Is there an algorithm that can call a regular expression (possibly limited by a simplified grammar) from a set of strings, so that evaluating all possible strings that match the regular expression reproduces the original set of strings?
It is probably unrealistic to find such an algorithm for regular expression grammars with a very "complex" syntax (including arbitrary repetitions, statements, etc.), so let's start with a simplified one that allows only OR substrings
foo(a|b|cd)bar must match fooabar , foobbar and foocdbar .
Examples
Given the set of strings h_q1_a , h_q1_b , h_q1_c , h_p2_a , h_p2_b , h_p2_c , the desired result of the algorithm will be h_(q1|p2)_(a|b|c) .
Given the set of rows h_q1_a , h_q1_b , h_p2_a , the desired result of the algorithm will be h_(q1_(a|b)|p2_a) . Note that h_(q1|p2)_(a|b) will not be correct, because it is an extension to 4 lines, including h_p2_b , which was not in the original rowset.
Use case
I have a long list of shortcuts that were created using substrings.

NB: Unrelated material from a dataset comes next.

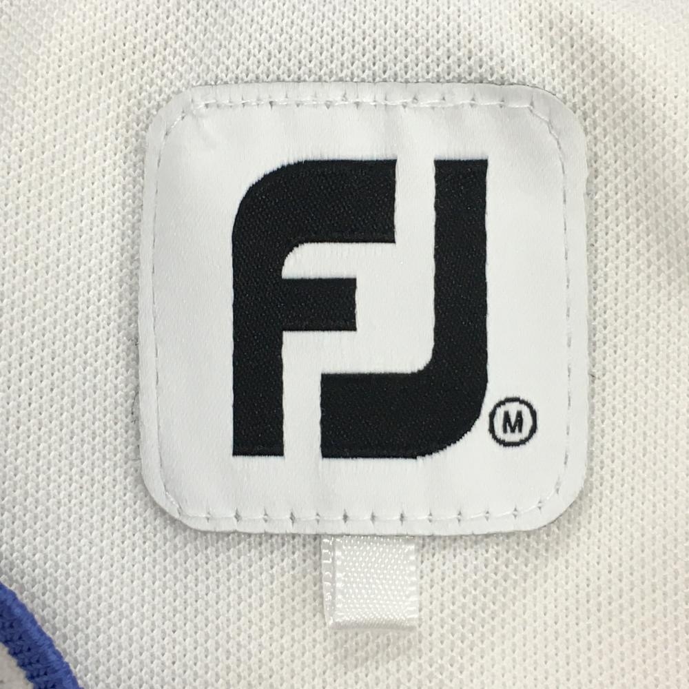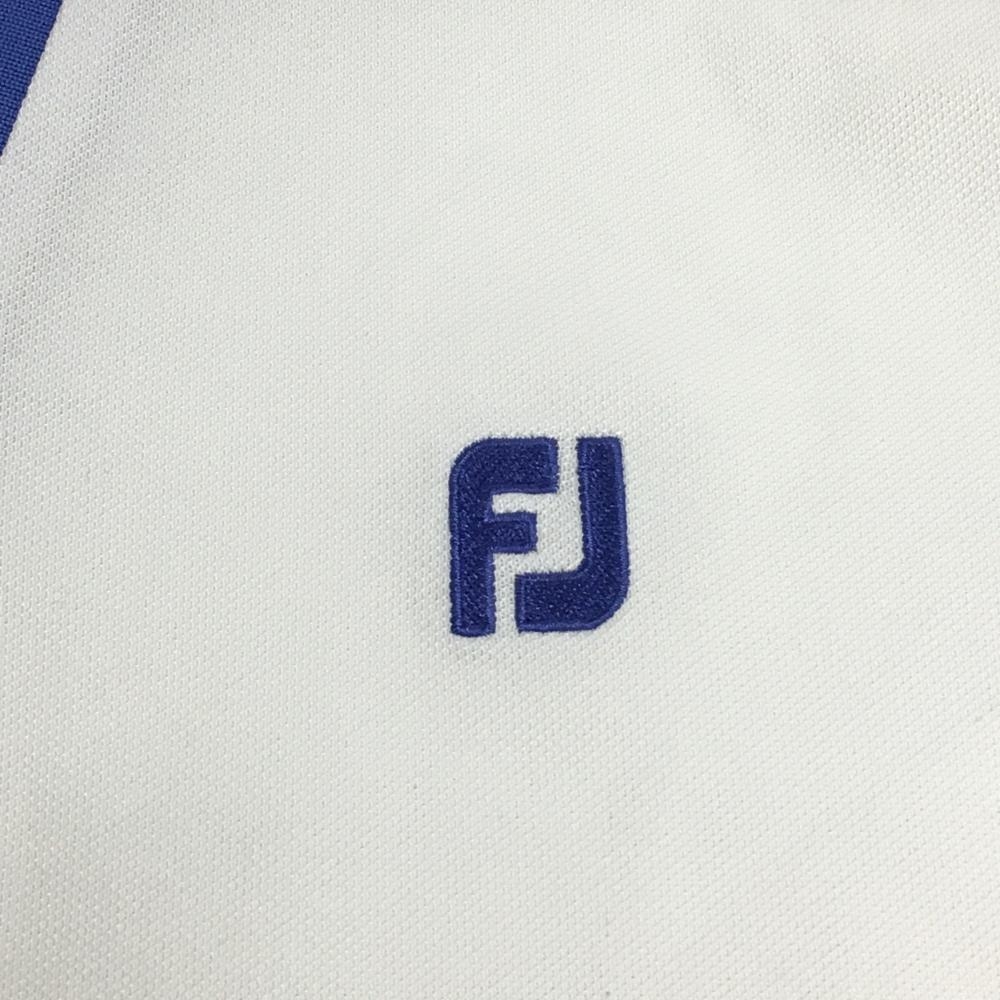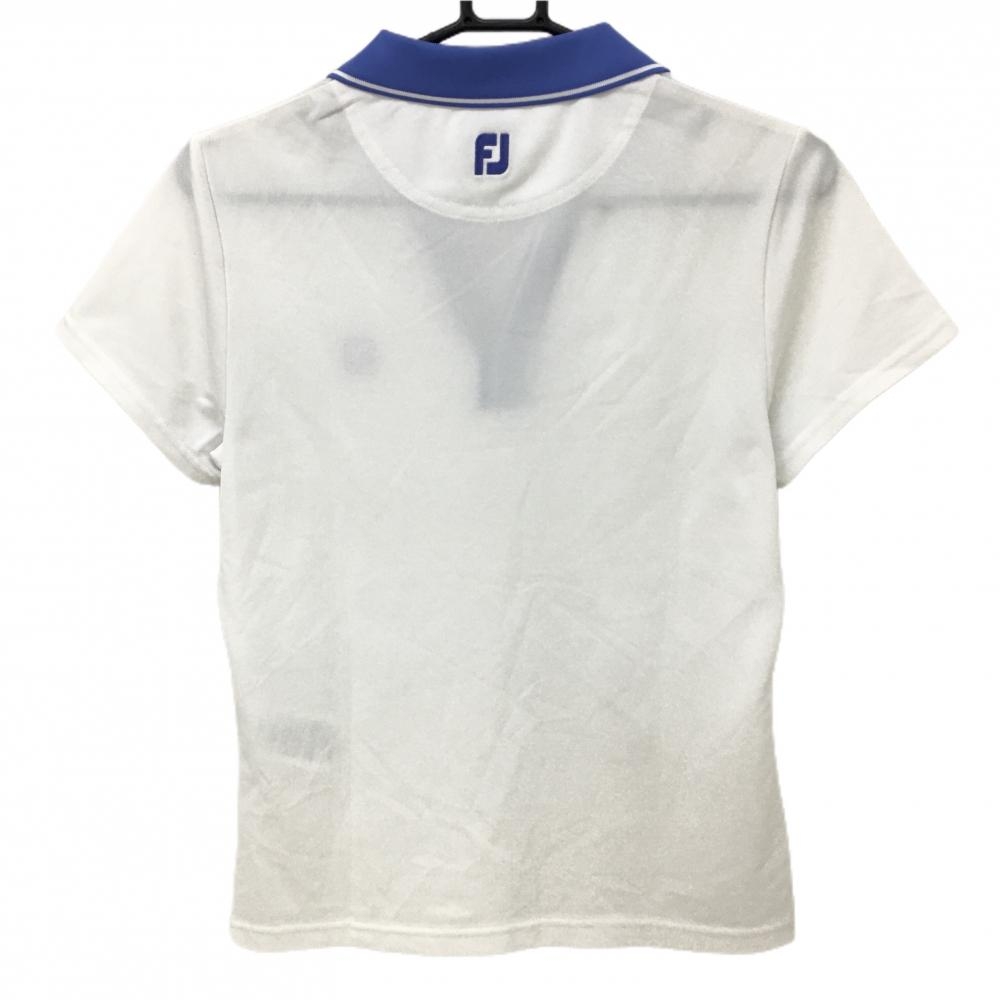 【超美品】フットジョイ 半袖スキッパーシャツ 白×ブルーパープル系 ロゴ刺しゅう レディース M ゴルフウェア FootJoy
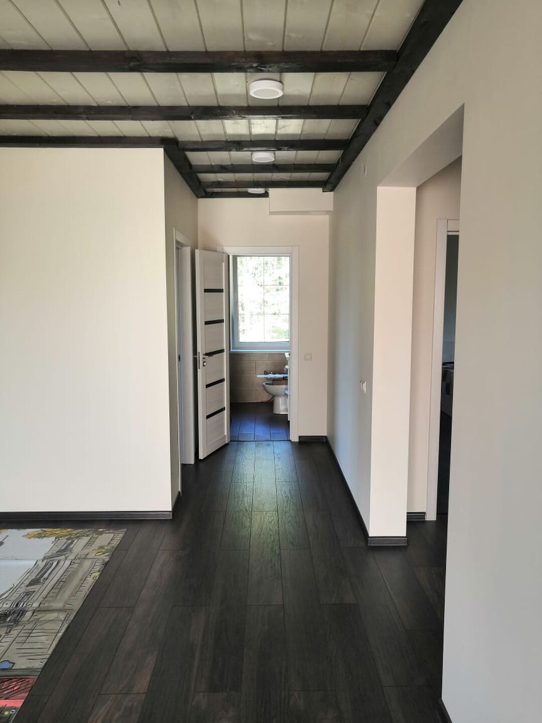 Дом состоит из двух этажей, на 1-ом этаже располагается: просторная кухня-гостиная, гостевая спальня, с/узел с ванной, тамбур и тех помещение. На 2-ом просторный холл-зал, три изолированные спальни, туалет и большая гардеробная.

Instead of printing an extensive list of lines, I would like to have compact output indicating which labels are in the list. Since the complete list was prepared programmatically (using a finite set of pre- and suffixes), I expect the compact notation to be (potentially) much shorter than the original list.
The ((simplified) regular expression should be as short as possible, although I am more interested in a practical solution than the best. The trivial answer, of course, is to simply concatenate all strings, such as A | B | C | D | ... which, however, does not help.)